En cultivant notre jardin intérieur, nous devenons moins sujets aux mirages extérieurs et plus enclins à l’empathie. L’amour que nous portons à nos proches — et à nous-mêmes — s’en trouve renforcé. C’est ainsi que la devise contemporaine « AIMONS NOUS VIVANTS » prend tout son sens : elle nous exhorte à chérir la vie dans sa fragilité et à célébrer la valeur de chaque existence, sans la jauger aux étalons de comparaisons illusoires.
VIII. Un dernier mot : semer la compréhension
« Que Dieu nous donne la Compréhension », implore l’auteur de la pensée initiale.

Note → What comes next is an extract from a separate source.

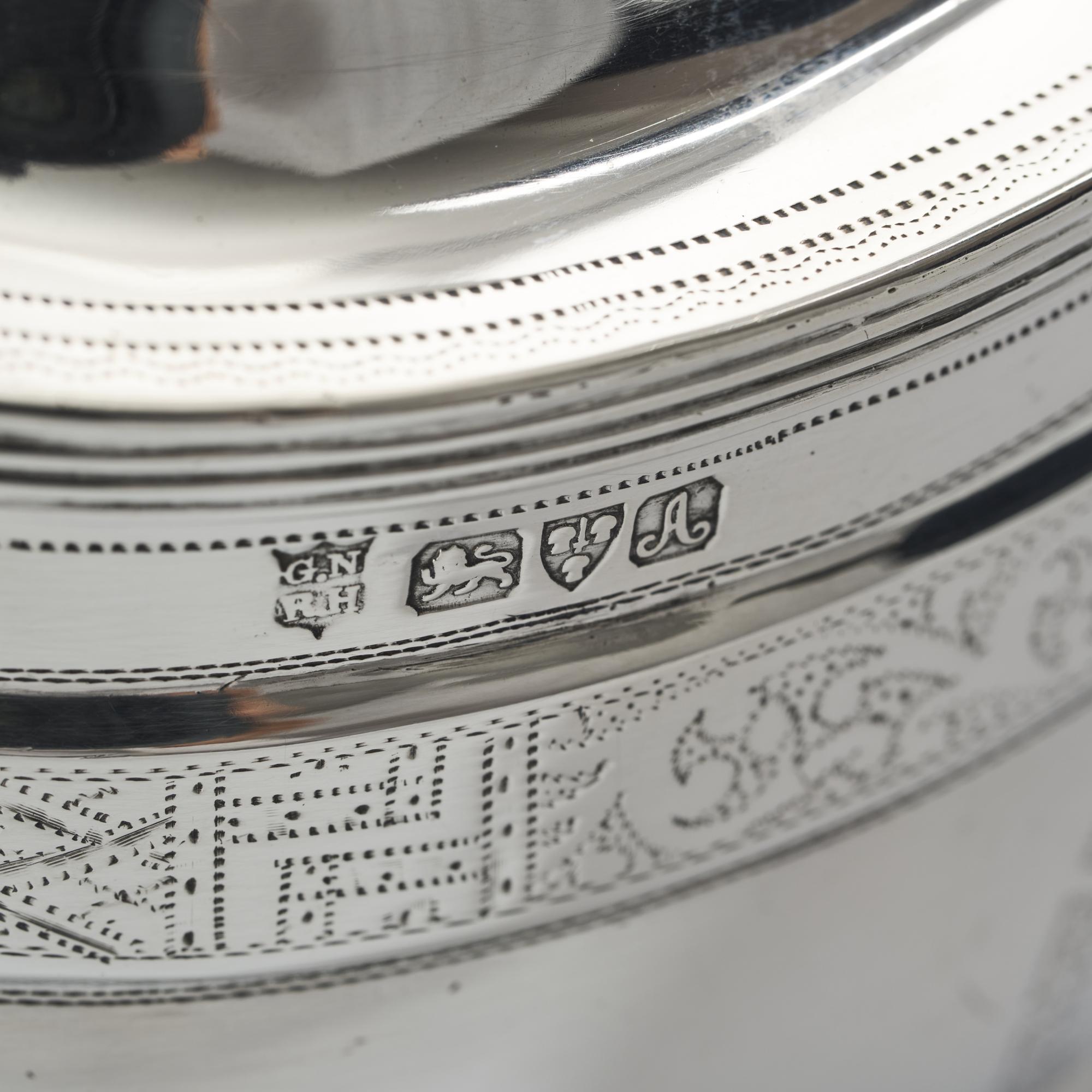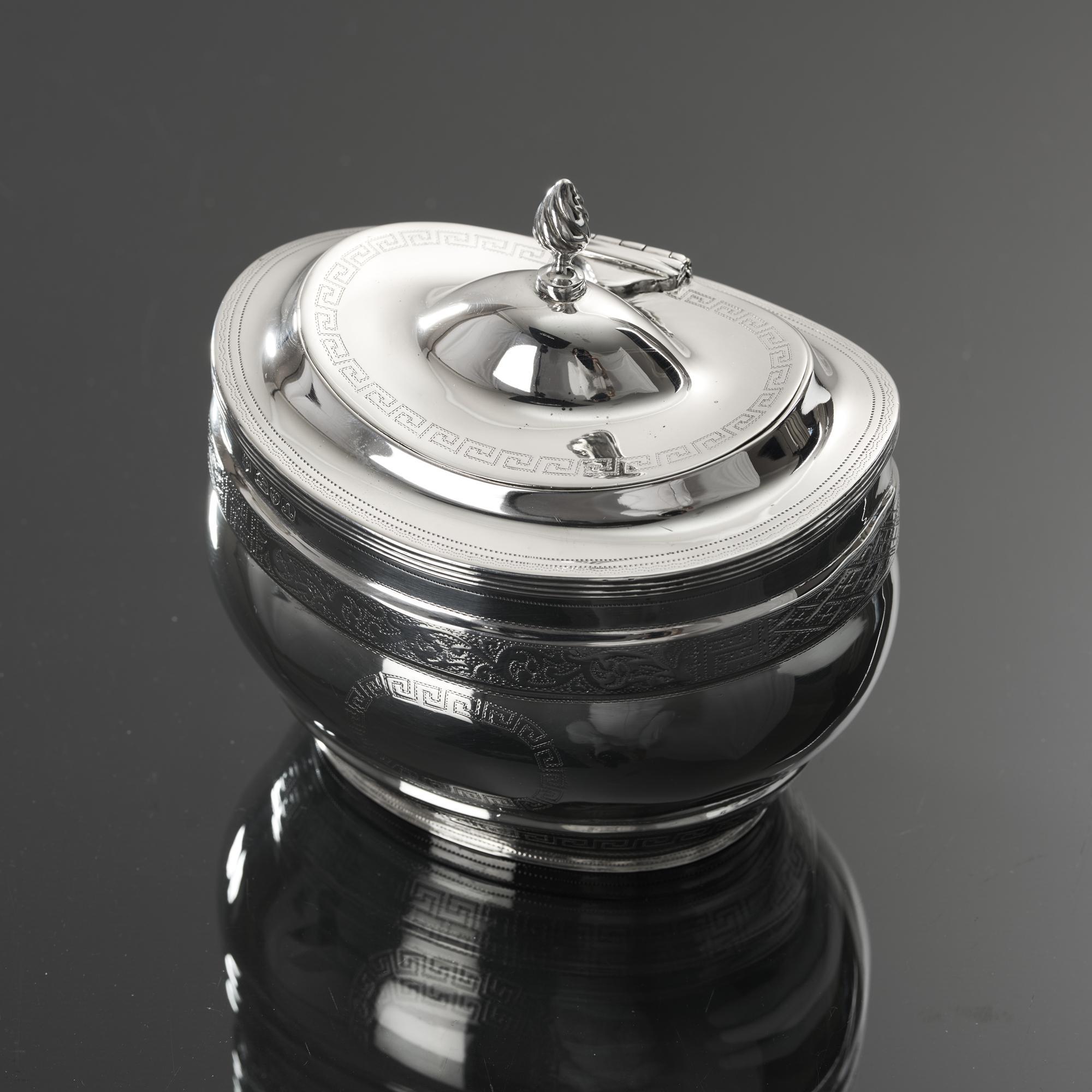 Classic silver tea caddy of oval boat shaped form, decorated with a band of hand engraving in pinprick style beneath the rim, and Greek key pattern around the hinged cover. This design was first made popular during the latter part of the 18th century.

Peut-être faut-il entendre, dans cette formule, le souhait d’une sagesse partagée, capable de dépasser les égoïsmes et de promouvoir une fraternité authentique.
Comprendre, c’est d’abord saisir que chaque être porte en lui un récit singulier, fait de blessures et de joies, de renoncements et de victoires. C’est reconnaître que l’herbe, loin d’être plus verte ailleurs, change de couleur selon les soins que l’on lui prodigue.
Que chacun de nous, dans cette vaste odyssée qu’est la vie, apprenne à cultiver la patience, la générosité et l’attention, afin que fleurisse, au cœur de nos existences, ce jardin intérieur où nous sommes tous appelés à prospérer.